This room started out as just a storeroom. About 15 years later, I bought the desk and chair, so the room now doubles as an office. The hardwood floor is made from balsa wood strips.
This is the desk and chair. You can see that the owner of this sweet shop likes her wine! The vintage yellow telephone dates back to my very first dollhouse, a wooden 8-room house by Creative Playthings.
I just adore the mini office supplies! The handwritten letter and grocery list were written by my mom when she was a child. I think the playing cards were also hers.
Inside the desk drawer are a passport, European travel brochure, plane ticket, and postcards.
I built the storeroom shelves when I was a kid. (The legs are a bit wobbly.) I think the cookbook and other two books were part of my mom’s collection. The scale went with the old-fashioned kitchen appliances in the original sweet shop.

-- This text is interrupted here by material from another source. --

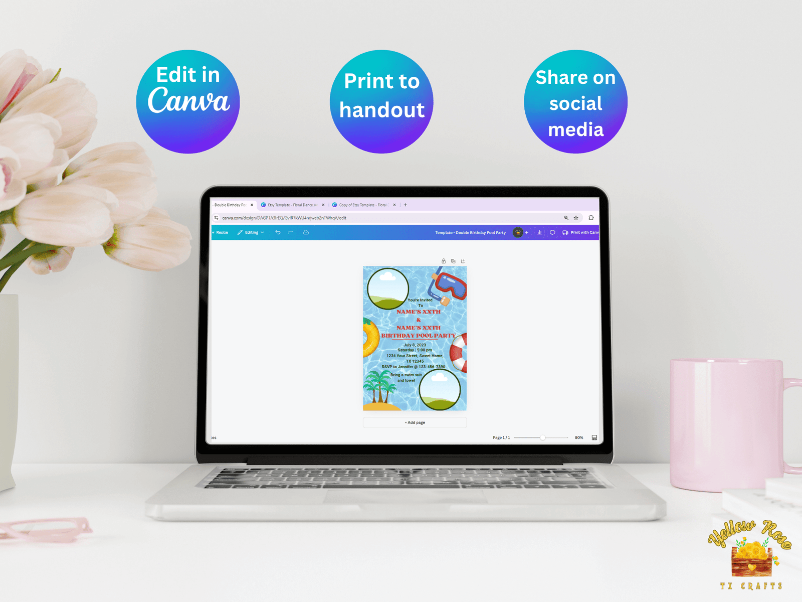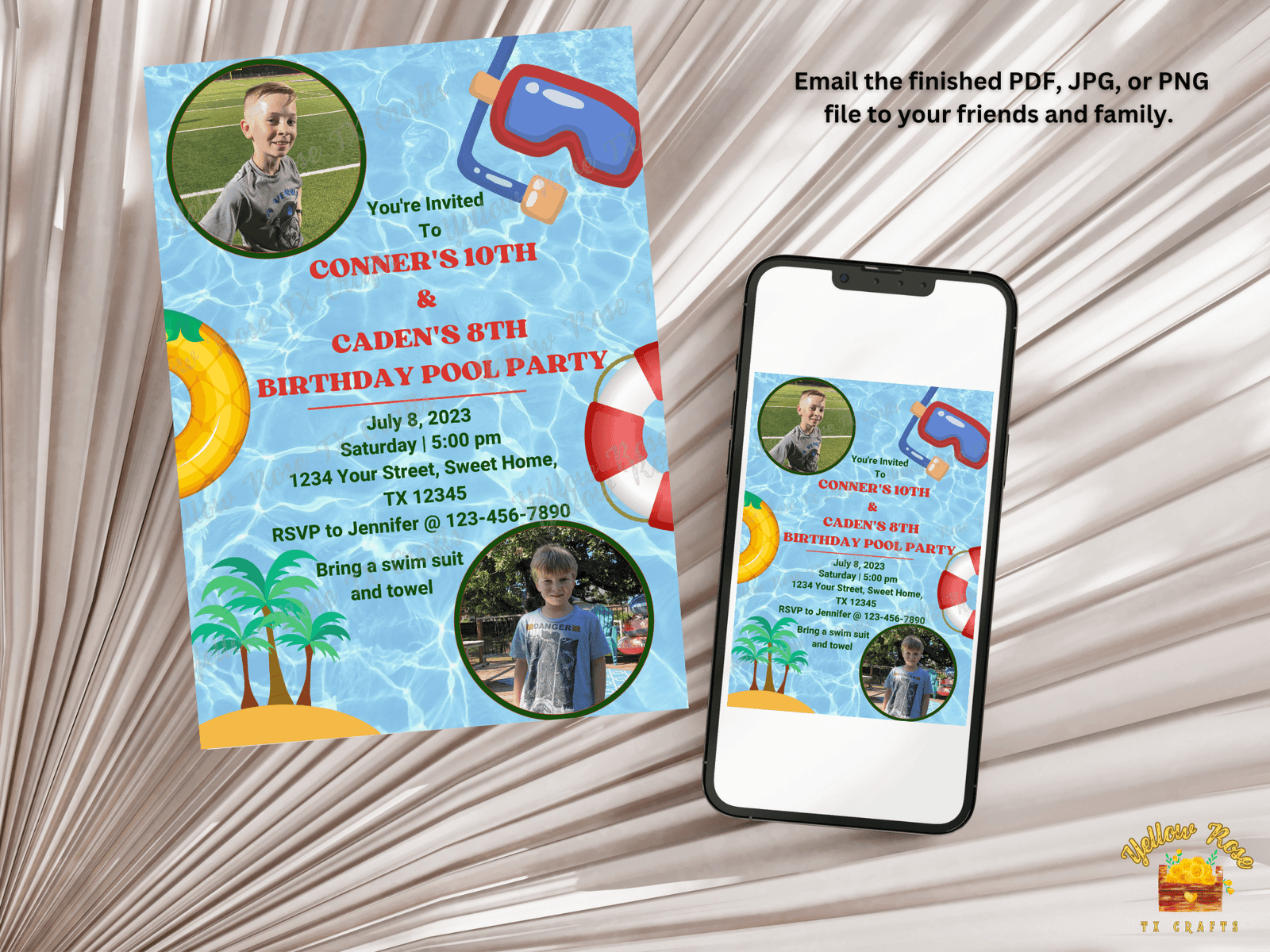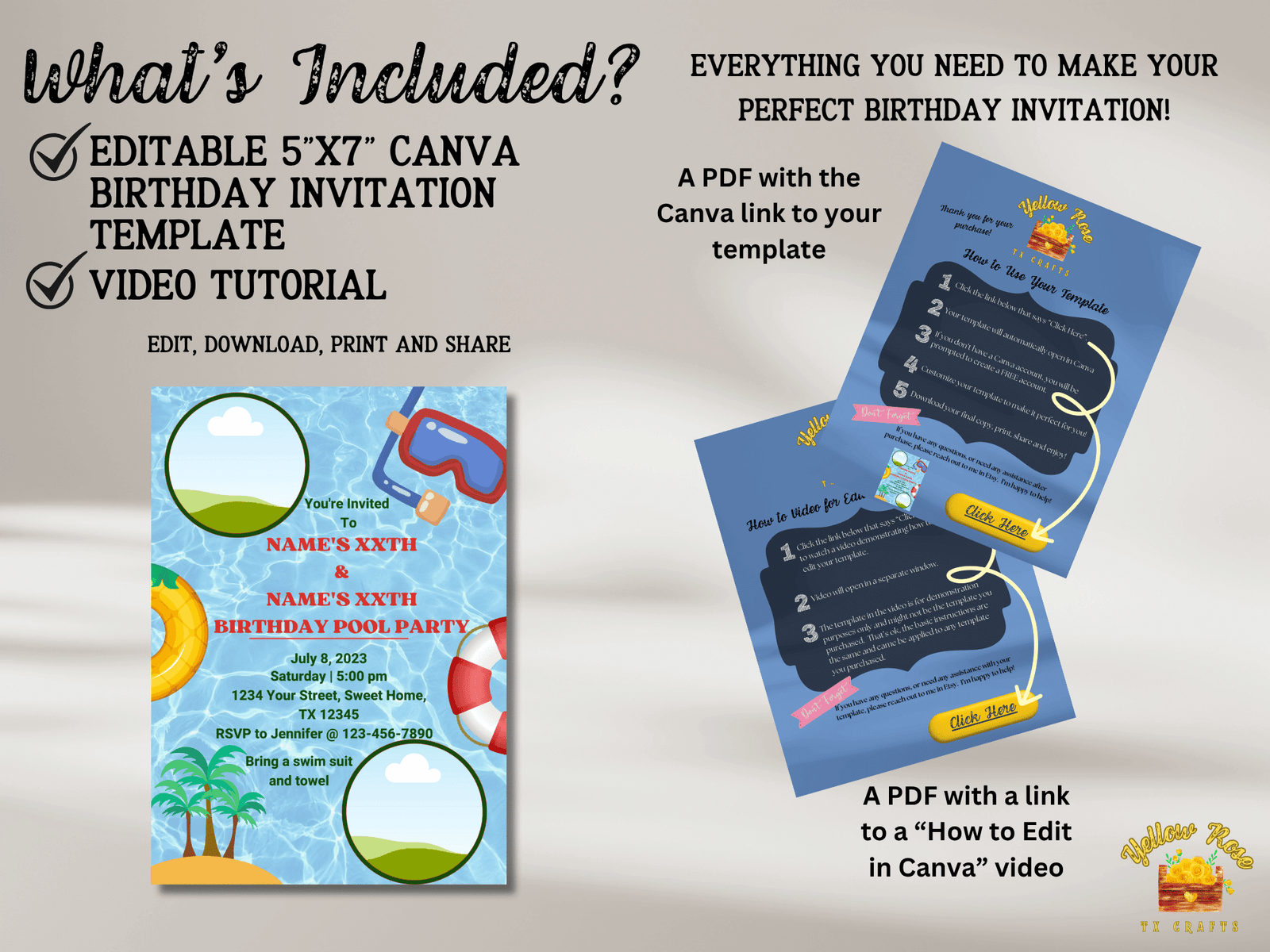 – A PDF with a link to your 5 in wide x 7 in tall Double Birthday Pool Party Invitation template

Notice how the stairway leads directly into the wall. Oops!
The antique radio was made by my friend Salvatore Ciccorelli from Torino, Italy. When I visited him many years ago, his greatest passion was recreating authentic Italian-style houses in miniature. After that trip, I wrote an article about his amazing dollhouses for Dollhouse Miniatures magazine. And it wouldn’t be stretching the truth to say that he was somewhat of an inspiration for my current “Street of Shops” projects.
The Barilla pasta boxes are relatively new (from the 1990s), but the other four grocery items on that shelf are from the 1970s. The glass lamp also dates back to the ’70s.
Inside the Halloween and Easter baskets are some round, brown seeds that I collected during our visit to Phoenix, AZ, when I was 10 years old. I wrapped some of them in colored foil; the others are downstairs on display in the sweet shop. The plastic fruit is part of a much larger collection of plastic dollhouse food that I used in my first childhood dollhouse. The green and red dishes are from the same period.